You mean in your analysis of my vocabulary!  You mean as a result of YOUR
having been brainwashed (or, as you called it, brainwished) by your own
set of presumptions.  Don't you?

>      On the other hand, I do agree with his distaste for old time
>      morality and terms like guilt, sin, punishment, and so on. Sadly,
>      his shoddy thinking did much to discredit his good ideas.

You mean the labelling of his thinkin as shoddy had that effect.
-- 
"Mrs.

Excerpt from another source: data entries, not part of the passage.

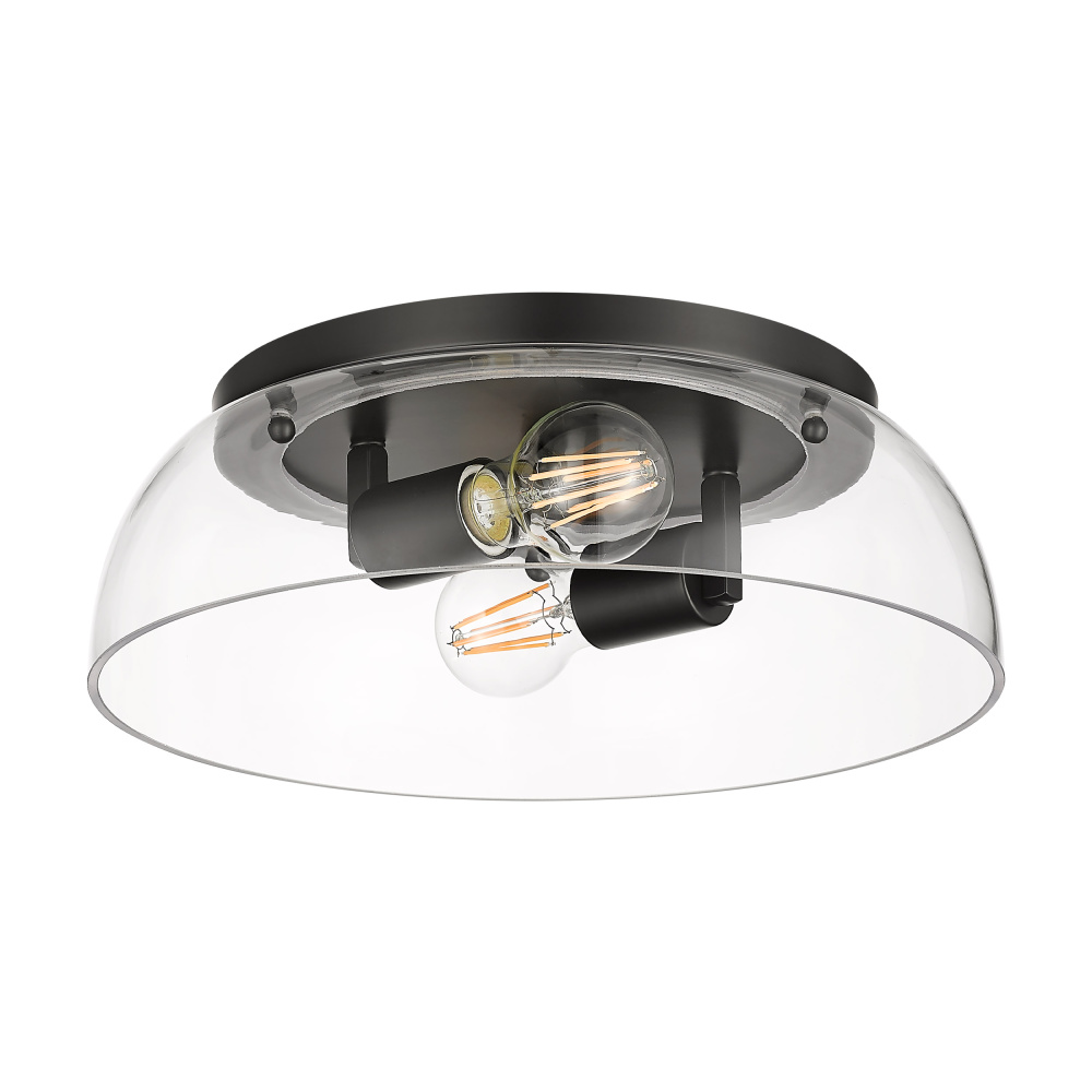 Elevate your space with rustic elegance through the Yep by Golden Lighting Duncan 2-light Flush Mount. Featuring a glass shade and a matte black frame, it creates a welcoming atmosphere. The clear glass shade allows for unobstructed light, showcasing the beautiful bulbs while adding brilliance to any room. This matte black finish is timeless and versatile, perfectly smooth to the touch, and complements a range of decor, from minimalist to contemporary. Ideal for low ceilings in hallways, closets, laundry areas, and bathrooms, it's damp location rated and easy to install. With overall dimensions of 14"W x 4.25"H x 14"D, this fixture requires 2 E26 Medium base bulbs (not included), max 60w per bulb. Bring timeless style and functional quality to your home today!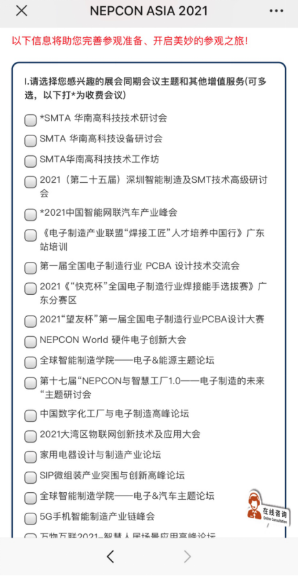 NEPCON ASIA 2021已進入開幕倒計時,預約參觀通道將于10月18日關閉,掃描文末二維碼,免費預約參觀,按照步驟完善您的個人信息后,您可以在后續頁面中勾選您有意向參與的活動(如下圖所示),愿我們的服務能帶給您美好的參觀體驗!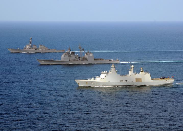 Keywords: Combined Task Force 151 - 090220-N-1082Z-215.jpg 090220-N-1082Z-215 GULF OF ADEN Feb 20 2009 The Danish flexible support ship HDMS Absalon L 16 right the guided-missile cruiser USS Vella Gulf CG-72 and the guided-missile destroyer USS Mahan DDG -72 transit the Gulf of Aden Vella Gulf is the flagship for Combined Task Force 151 a multinational task force conducting counter-piracy operations to detect and deter piracy in and around the Gulf of Aden Arabian Gulf Indian Ocean and Red Sea U S Navy photo by Mass Communications Specialist 2nd Class Jason R Zalasky/Released http //www news navy mil/view_single asp id 69015 2009-02-20 Mass Communications Specialist 2nd Class Jason R Zalasky USN U S Navy photo PD-USGov-Military-Navy Combined Task Force 151 Military in the Horn of Africa Piracy in Somalia General views of USS Vella Gulf CG-72 Naval ships in motion Ships facing left L16 Absalon ship 2004 USS Mahan DDG-72 |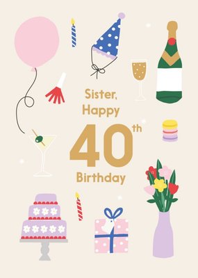 Illustrated Cute Party Balloons Sister Happy 40th Birthday Card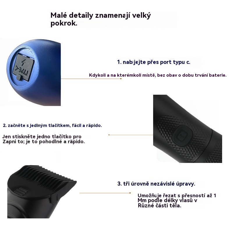 🔥Sleva -47%🔥 Pánský elektrický holicí strojek s digitálním displejem a zastřihovačem chloupků

Peel, we're needed..."			Rich Rosen 	ihnp4!pyuxd!rlr	

carnes@gargoyle.UUCP (Richard Carnes) (11/04/85)

>>     Hume no doubt believed that past history determined present state
>>     (incidentally, he did not believe in free will ... [ELLIS]
>
>Perhaps because he understood The Definition?  [ROSEN]

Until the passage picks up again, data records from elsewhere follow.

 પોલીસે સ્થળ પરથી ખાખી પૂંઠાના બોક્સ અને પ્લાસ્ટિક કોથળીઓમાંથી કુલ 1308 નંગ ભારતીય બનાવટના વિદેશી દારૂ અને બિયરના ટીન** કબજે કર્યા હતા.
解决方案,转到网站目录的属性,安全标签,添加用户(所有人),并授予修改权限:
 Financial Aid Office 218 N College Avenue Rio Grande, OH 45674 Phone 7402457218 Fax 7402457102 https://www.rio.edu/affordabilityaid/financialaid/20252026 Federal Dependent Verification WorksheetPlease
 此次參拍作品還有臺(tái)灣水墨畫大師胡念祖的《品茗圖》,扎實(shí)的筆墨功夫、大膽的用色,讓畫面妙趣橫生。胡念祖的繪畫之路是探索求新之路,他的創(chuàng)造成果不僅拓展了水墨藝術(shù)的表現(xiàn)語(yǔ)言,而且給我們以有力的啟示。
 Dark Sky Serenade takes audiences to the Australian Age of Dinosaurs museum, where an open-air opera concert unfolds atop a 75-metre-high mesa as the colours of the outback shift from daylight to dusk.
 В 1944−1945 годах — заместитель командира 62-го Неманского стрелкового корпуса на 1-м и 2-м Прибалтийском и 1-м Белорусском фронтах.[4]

Hume well understood that there is an "essential ambiguity" in the
term "liberty" (or words to that effect -- I don't have my copy
handy).  In Hume's view, that is why the dispute had not been
resolved -- there is no The Definition.  He described a common
understanding of "liberty" as "a power of acting or not acting,
according to our will:  which is universally allowed [i.e.
acknowledged to be the case]" (approximate quote).  So the statement
that Hume did not believe in free will is not true without
qualification.  

[ROSEN]
>(I shouldn't be belittling
>you, Michael, for definition-changing games.  If anything, you are one of the
>few people here who understands such things.  Rather than changing the
>definition to "get" what you want, which is a dishonest rhetorical trick, you
>change the premises to get to "acausality".  What you miss, however, is
>that acausality cannot get you free will.  Free will requires an active
>agent of first cause making the choices, unaffected by other causes of the
>material world.  Yet it must be a WILLFUL agent, one of deliberateness
>that causes other things to happen.  

Once again:  Rich Rosen is the only person in this newsgroup, to my
knowledge, who is claiming either that people possess or that they do
not possess "free will."  In other words, he is the only person who
is doing what he accuses everyone else of doing, namely, arbitrarily
defining "free will" in order to "get [rid of]" free will.

When writing future articles, Rich, please ask yourself whether your
article arbitrarily defines free will in order to obtain a wished-for
conclusion (the nonexistence of free will).  If so, commit it then to
net.flame:  for it can contain nothing but sophistry and illusion.
-- 
Richard Carnes, ihnp4!gargoyle!carnes

rlr@pyuxd.UUCP (Rich Rosen) (11/05/85)

>>>     Why do you suppose Strict Behaviorism is obsolete?

>>Because the bulk of psychology department intelligentsia find the notions
>>repugnant, and have done their best to rid psychology curricula of the
>>abominable notions!  (Otherwise, wouldn't we have heard the grand
>>debunking round the world?)

> Well, those of us who read even so lowly a scientific journal as S. American
> are aware that Strict Behaviorism is basically a dead theory.  Rich's
> speculation in the first sentence is quite obviously a piece of that wishful
> thinking he so roundly deplores, since his accusation is obviously
> unfalsifiable, and indeed bears all the marks of a "conspiracy theory"
> explanation.

Then where IS the grand debunking, Charles?  Without it, there's no wishful
thinking involved.

> If one knows any psychology faculty, one quickly learns that
> pschology types have earned their reputation for fighting over matters such
> as these.  So I can hardly credit Rich's rationalization with any truth.

You, Charles, I never look to for "credit" for my "rationalizations".